3. Sensitive Data in Distributed Systems and P2P • Sample results: • Paranoid Platform for Privacy Preferences (P4P) • Enable owner to retain the desired level of control over particular information types. • New mechanisms for long-term and secure data preservation in a peer-to-peer (P2P) system. • Combating P2P-based bot-nets (current-work). • Trusted platforms: • Terra architecture and Private Attestation. • Economic analysis of trusted platforms and DRM, • Studied applicability to privacy protection.
Trusted Platforms (TCG) • Research results: • Trusted-computing platform called Terra(SOSP ’03). • Privacy preserving attestation(ACM CCS ’04) • Economic analysis of trusted platforms and DRM (WEIS’04) • Events since project’s inception: • Delay/canceling of software tools (MS-NGSCB) • Premature open source virt. tools (Xen, QEMU) • Result: Need to rework PORTIA's trusted- computing agenda in light of these events.

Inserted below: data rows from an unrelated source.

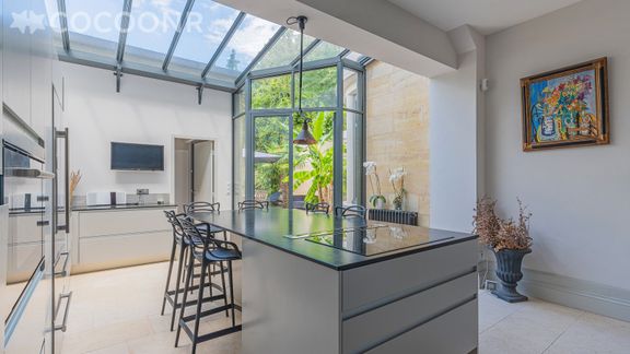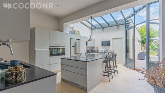 - Une grande cuisine équipée avec notamment : bouilloire électrique, four, four à micro-ondes, grille-pain, lave-vaisselle, plaques de cuisson... avec un accès directement au jardin et à la terrasse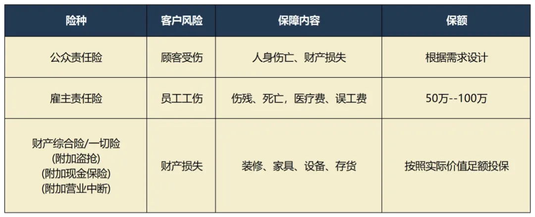 约定每次事故赔偿限额、每次财产赔偿限额、每次人身赔偿限额、每次每人赔偿限额以及免赔额等。保费需要根据餐饮店的面积、保障额度等因素进行评估,一般保费一年千元起。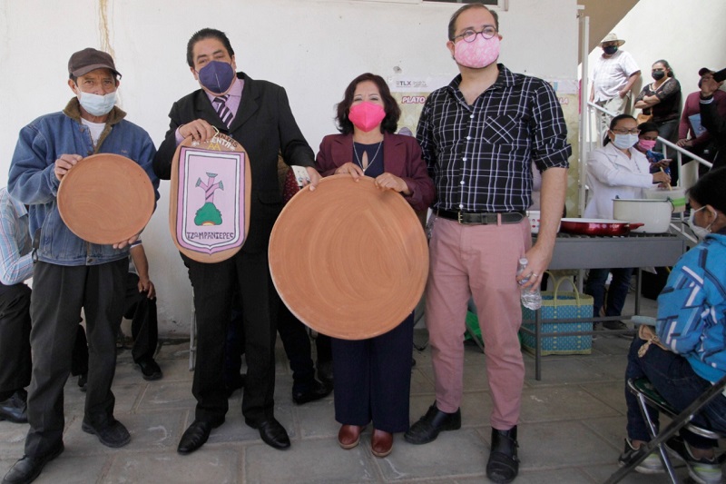 Acompañado de la presidenta de comunidad, Celia Montiel Serrano, y del Coordinador de Cultura del municipio de Tzompantepec, Luis Felipe de Jesús Montiel Vázquez iniciaron el programa ante alrededor de 30 artesanos.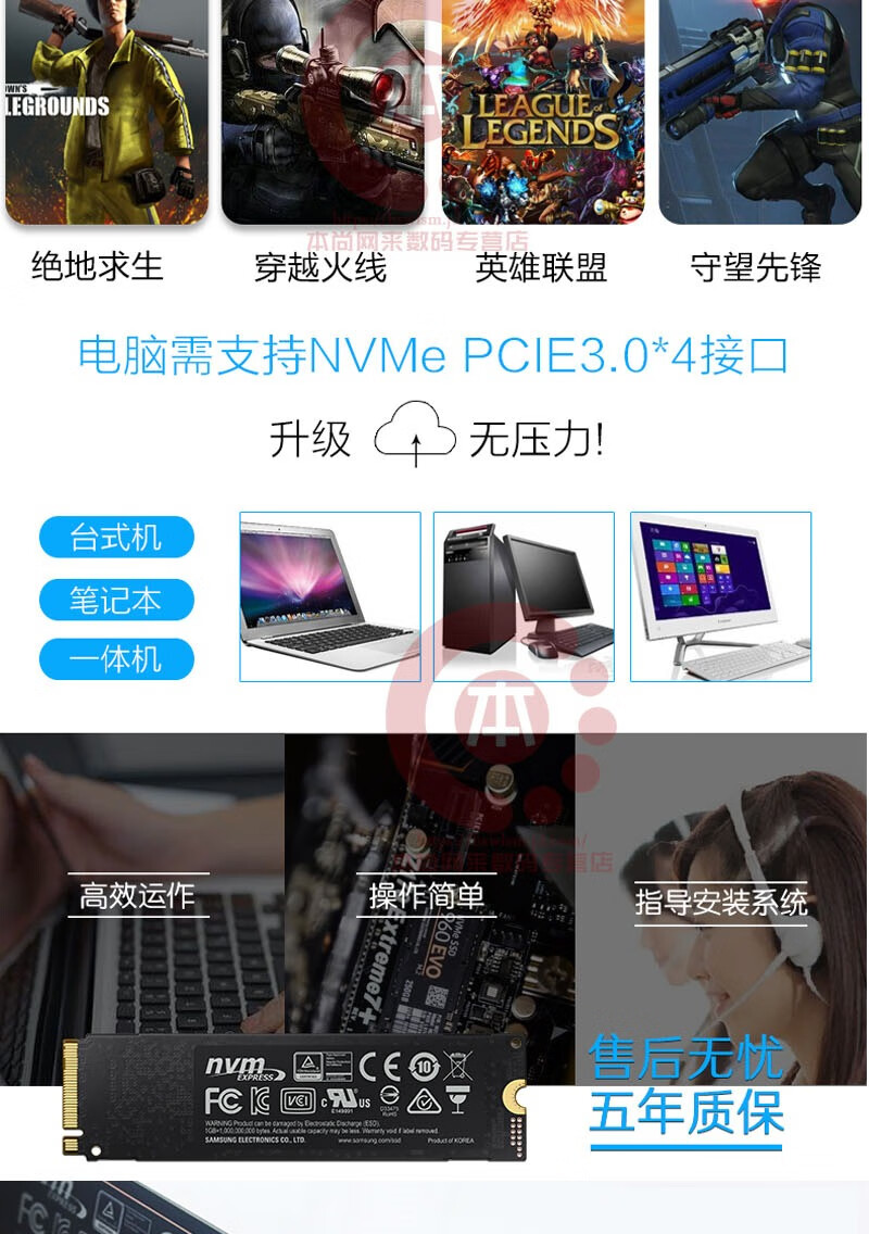 三星笔记本台式机一体机电脑服务器 SSD 固态硬盘加装/替换升级提速盒装 SATA3 512G 5年保

4. ID Theft and ID Privacy • PORTIA Tools to combat online ID theft: • Anti-phishing tools: SpoofGuard, PwdHash • Anti-Spyware tools: SpyBlock(under development) • All our tools are available with source code on PORTIA web site. • New ID privacy mechanisms: • New group signatures designed for privacy in VSC and Trusted Computing. • Implemented as open source software library. • New algorithms for k-anonymity in databases.
5. Contextual Integrity • Continued developing the concept of contextual integrity: • Developed norms of Appropriateness and transmission. • Applied to PORTIA via case studies, e.g. • Vehicle Safety Communication (VSC), and • Census Bureau. • Cyber-crime and Cyber-policing.
Summary • One and a half years into a five year project. • Significant progress on all research goals. • Continuing with planned research agenda. • Many remaining challenges in all five project themes. • Extensive educational and outreach activity.